> [INFORMATION PROVIDED]
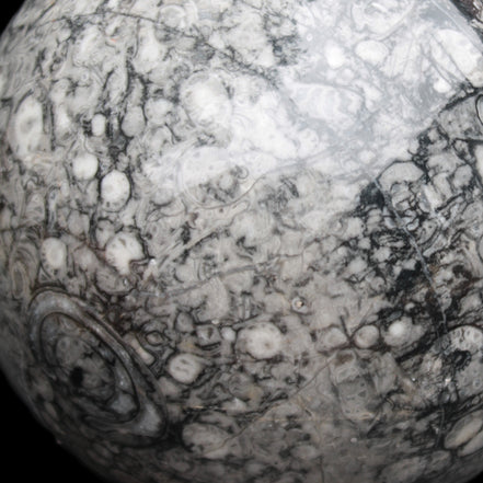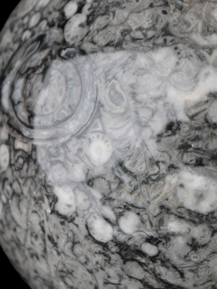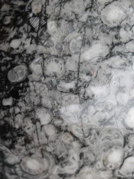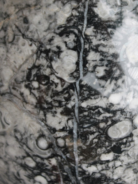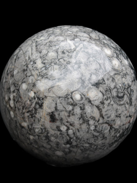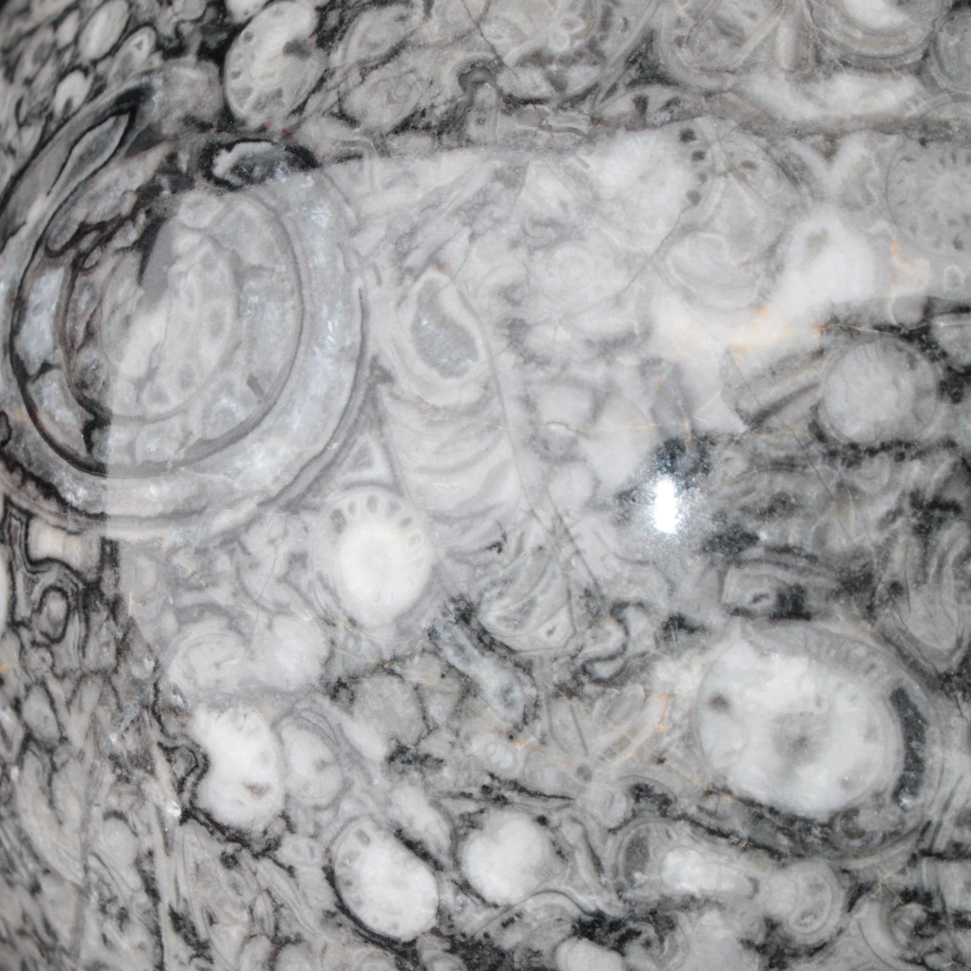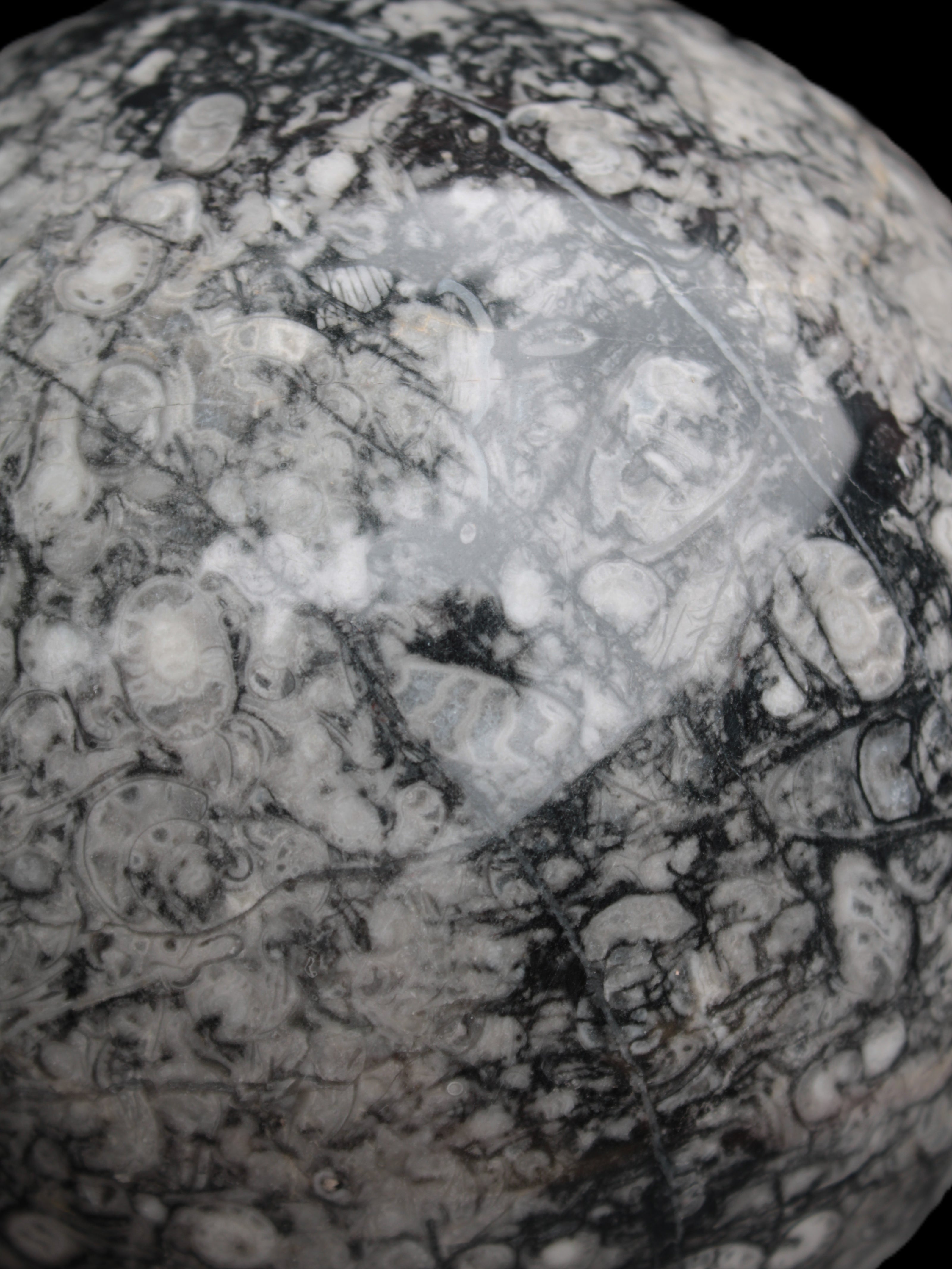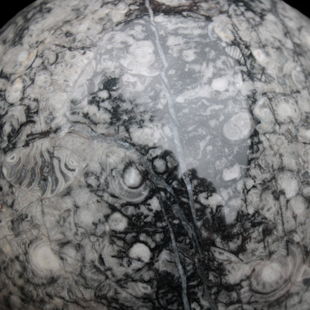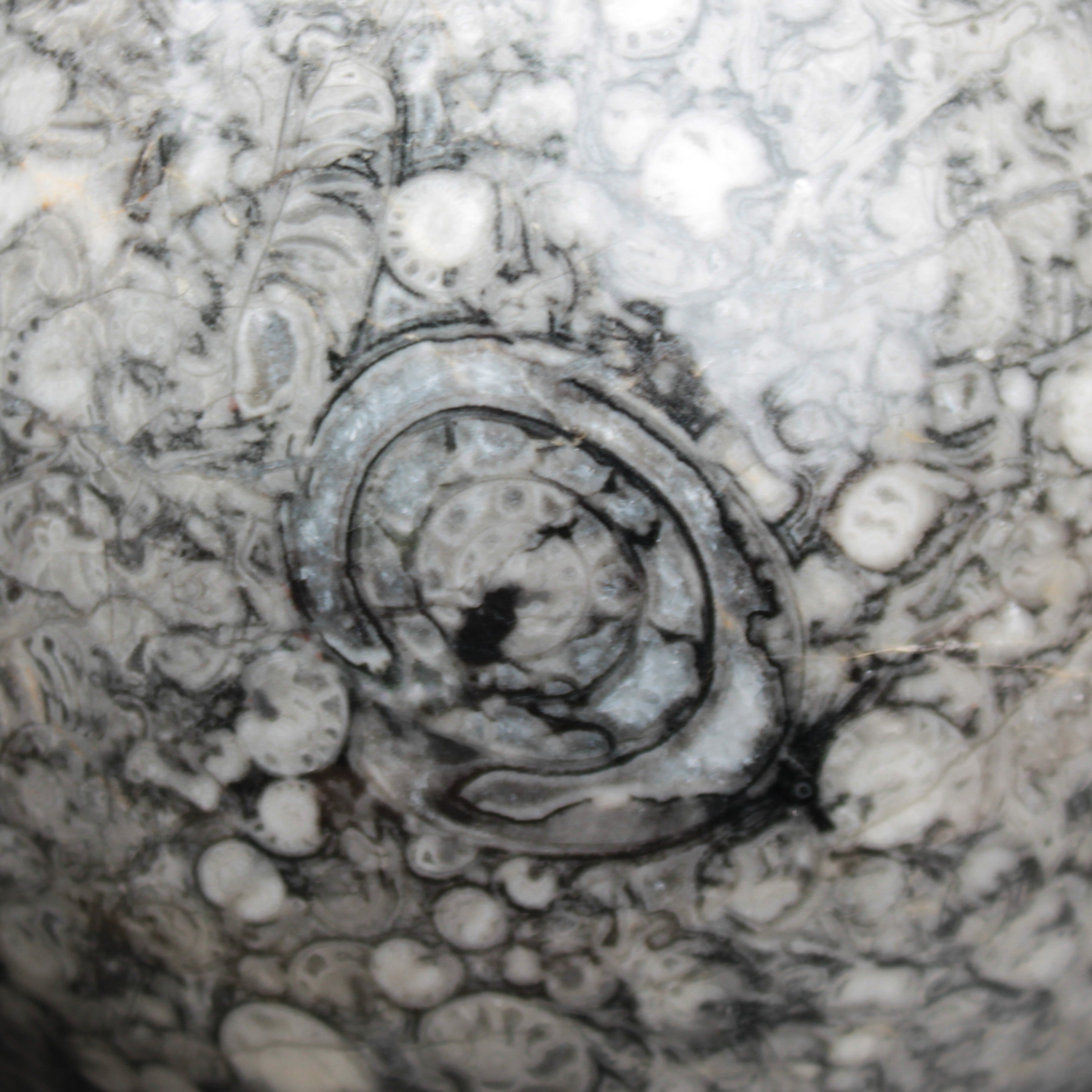 This Large Fossiliferous Ammonite and Orthoceras Marble sphere 173mm weighs 7440g. It is full of different fossilised remains of ancient ocean life.
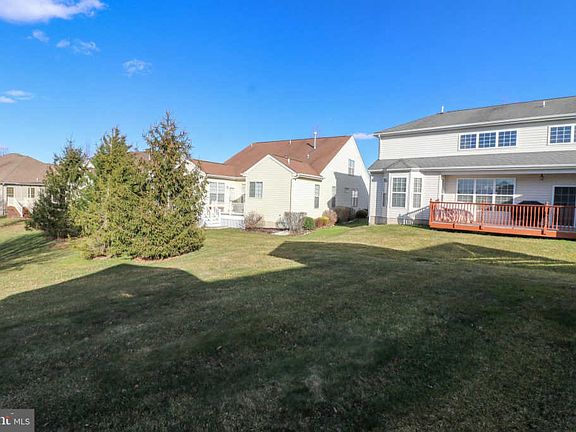 All this on ONE LEVEL. The most ACTIVE, Active Adult Community in Bucks County! Ranch style patio home set on premium lot within Heritage Creek. Two bedrooms, 2 bathrooms, living room, dining room, kitchen, breakfast room, and sunroom. Hardwood floors contribute to the elegance in foyer, and throughout kitchen and sunroom. Kitchen has white cabinetry with pull-out shelving, stainless steel refrigerator, and pantry. Breakfast room is adjacent to sunroom and offers oversized bay window. Living room and dining room combo are quire large and in the front of home for easy entertaining. Dining room has large bay window for extreme sunshine. Family room opens to kitchen and is cozy with gas fireplace. Best room in the house is the sunroom with walls of windows and access to outdoor patio. Master bedroom has oversized walk-in closet while master bathroom is equipped with deep soaking tub, double vanity, and walk-in shower. Second bedroom is conveniently located to hall bathroom and on the other side of home and tucked away from master suite. Laundry room with wet sink. Two-car garage. Pull down-stairs reveal attic great for additional storage.
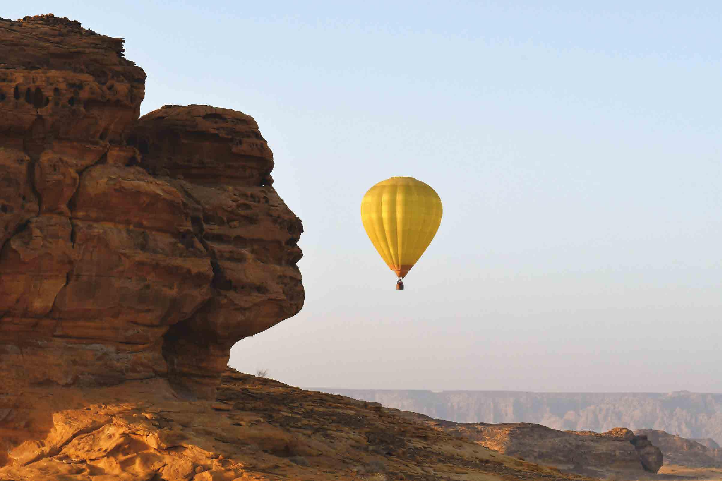There are so many ways to enjoy the extraordinary environment of AlUla. It is hard to beat the experience from the skies, floating above the magnificent landscape in a hot air balloon(1) or flying in a vintage Beech 18 airplane. For a closer look, tour the site by foot, bicycle, camel or 4x4. During the Winter at Tantora festival, equestrian aficionados might

> [WORK TO COMPLETE] Before you return the listing exactly, strip out its pictures.

> [TASK RESPONSE]
 This Large Fossiliferous Ammonite and Orthoceras Marble sphere 173mm weighs 7440g. It is full of different fossilised remains of ancient ocean life.
 All this on ONE LEVEL. The most ACTIVE, Active Adult Community in Bucks County! Ranch style patio home set on premium lot within Heritage Creek. Two bedrooms, 2 bathrooms, living room, dining room, kitchen, breakfast room, and sunroom. Hardwood floors contribute to the elegance in foyer, and throughout kitchen and sunroom. Kitchen has white cabinetry with pull-out shelving, stainless steel refrigerator, and pantry. Breakfast room is adjacent to sunroom and offers oversized bay window. Living room and dining room combo are quire large and in the front of home for easy entertaining. Dining room has large bay window for extreme sunshine. Family room opens to kitchen and is cozy with gas fireplace. Best room in the house is the sunroom with walls of windows and access to outdoor patio. Master bedroom has oversized walk-in closet while master bathroom is equipped with deep soaking tub, double vanity, and walk-in shower. Second bedroom is conveniently located to hall bathroom and on the other side of home and tucked away from master suite. Laundry room with wet sink. Two-car garage. Pull down-stairs reveal attic great for additional storage.
There are so many ways to enjoy the extraordinary environment of AlUla. It is hard to beat the experience from the skies, floating above the magnificent landscape in a hot air balloon(1) or flying in a vintage Beech 18 airplane. For a closer look, tour the site by foot, bicycle, camel or 4x4. During the Winter at Tantora festival, equestrian aficionados might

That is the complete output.